*Task item:* Once the line containing "AODモード:約10日 高負荷モード:約8日 |" is reached in the listing below, reproduce it and all later lines through the final one exactly, but omit any pictures.

*The data:*
====
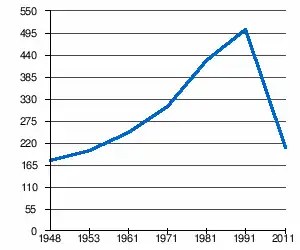 - 1 2 (sq) « Évolution de la population 1948-2011 », sur pop-stat.mashke.org (consulté le ).
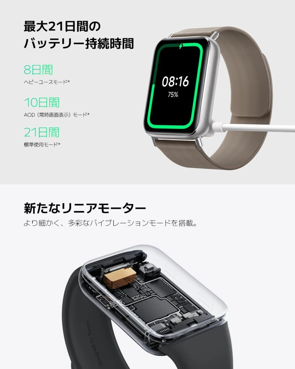 | バッテリー持続時間 | 通常モード:約21日 AODモード:約10日 高負荷モード:約8日 |
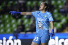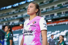 León, Guanajuato, 23 de marzo de 2026. Karol Contreras, durante el partido correspondiente a la jornada 13 del torneo Clausura 2026 de la Liga BBVA MX Femenil, entre las Esmeraldas del León y las Rojinegras del Atlas, realizado en el estadio León. Foto: Imago7/ Sebastian Laureano Miranda
====
*Response to the task:*
 | バッテリー持続時間 | 通常モード:約21日 AODモード:約10日 高負荷モード:約8日 |
 León, Guanajuato, 23 de marzo de 2026. Karol Contreras, durante el partido correspondiente a la jornada 13 del torneo Clausura 2026 de la Liga BBVA MX Femenil, entre las Esmeraldas del León y las Rojinegras del Atlas, realizado en el estadio León. Foto: Imago7/ Sebastian Laureano Miranda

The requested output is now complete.